С первой же строчки диагноза… точнее, на третьем слове этой первой строчки - меня оглушает смачное матерное слово.
Впрочем, не оглушает. Я понимаю, что теперь это уже почти хороший тон. Во всяком случае, первый штрих габитуса. Знак вызова, который теперь, по причине чрезмерного употребления, вызовом уже не звучит. Но звучит - как знак того, что пространство не имеет запретных зон. Как знак весёлой безответственности распахнувшегося мира.
Мне, как человеку прежнего закала, припоминается рассуждение старого мудреца: если оратор употребит в своей речи слово «задница» (там слово покруче – Л.А.), то сколь бы ни был высок культурный уровень аудитории, - никто в этой речи не услышит ничего, кроме этого слова.
В наше время есть шанс услышать и дальнейшее.

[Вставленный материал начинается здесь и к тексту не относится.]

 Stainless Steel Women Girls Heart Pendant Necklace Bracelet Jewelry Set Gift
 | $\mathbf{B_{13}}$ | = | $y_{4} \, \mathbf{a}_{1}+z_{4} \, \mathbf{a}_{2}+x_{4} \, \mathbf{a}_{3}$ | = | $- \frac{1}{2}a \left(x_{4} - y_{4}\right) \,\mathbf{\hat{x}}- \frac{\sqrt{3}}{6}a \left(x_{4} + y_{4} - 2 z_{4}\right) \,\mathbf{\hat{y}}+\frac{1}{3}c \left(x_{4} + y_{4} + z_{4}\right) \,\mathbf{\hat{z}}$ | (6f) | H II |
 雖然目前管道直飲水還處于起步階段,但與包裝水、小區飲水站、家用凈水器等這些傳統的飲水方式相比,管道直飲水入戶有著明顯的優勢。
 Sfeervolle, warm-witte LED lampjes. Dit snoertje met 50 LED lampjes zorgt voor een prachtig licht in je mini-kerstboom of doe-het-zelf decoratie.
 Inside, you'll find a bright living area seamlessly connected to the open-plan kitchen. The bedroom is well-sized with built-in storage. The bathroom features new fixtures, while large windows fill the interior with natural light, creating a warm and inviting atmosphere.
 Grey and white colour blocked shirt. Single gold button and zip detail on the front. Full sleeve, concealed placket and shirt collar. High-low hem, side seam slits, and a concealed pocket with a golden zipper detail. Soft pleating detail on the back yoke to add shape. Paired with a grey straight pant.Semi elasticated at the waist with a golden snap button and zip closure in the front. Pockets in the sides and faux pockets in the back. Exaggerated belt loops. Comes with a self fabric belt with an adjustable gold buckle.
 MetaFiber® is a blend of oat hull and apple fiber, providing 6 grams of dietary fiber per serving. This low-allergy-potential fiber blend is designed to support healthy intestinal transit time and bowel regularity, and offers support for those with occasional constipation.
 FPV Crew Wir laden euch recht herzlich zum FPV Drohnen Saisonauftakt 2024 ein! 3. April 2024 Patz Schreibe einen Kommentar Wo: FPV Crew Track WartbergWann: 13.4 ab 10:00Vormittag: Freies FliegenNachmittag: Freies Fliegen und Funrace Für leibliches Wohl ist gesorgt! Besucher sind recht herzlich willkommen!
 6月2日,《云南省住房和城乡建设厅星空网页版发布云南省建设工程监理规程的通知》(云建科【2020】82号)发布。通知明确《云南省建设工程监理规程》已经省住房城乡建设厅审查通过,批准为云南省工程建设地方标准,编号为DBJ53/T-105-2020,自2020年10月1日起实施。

В дальнейшем, кстати, абсценной лексики у Амана нет, разве что главный редактор газеты, согрешивший скверным словом в первой строке, ещё раз обозначит таким образом свою невозмутимость… и ещё раз удивит нас, но уже по другому поводу.
А повод удивиться такой. Газета, в которой трудится наш рассказчик, узнаваема с первой же сцены всеми, кто хоть немного скользил взглядом по «перестроечным» изданиям буйных годов Гласности, - это «Московский комсомолец», сначала стыдливо упрятавший своё комсомольское происхождение под большие литеры «МК», а потом, одумавшись, сохранивший имя, ибо в новых условиях оно одиозностью своей сулило ещё и больший профит в борьбе с конкурентами. Газету всё-таки переименовали… но об этом ниже.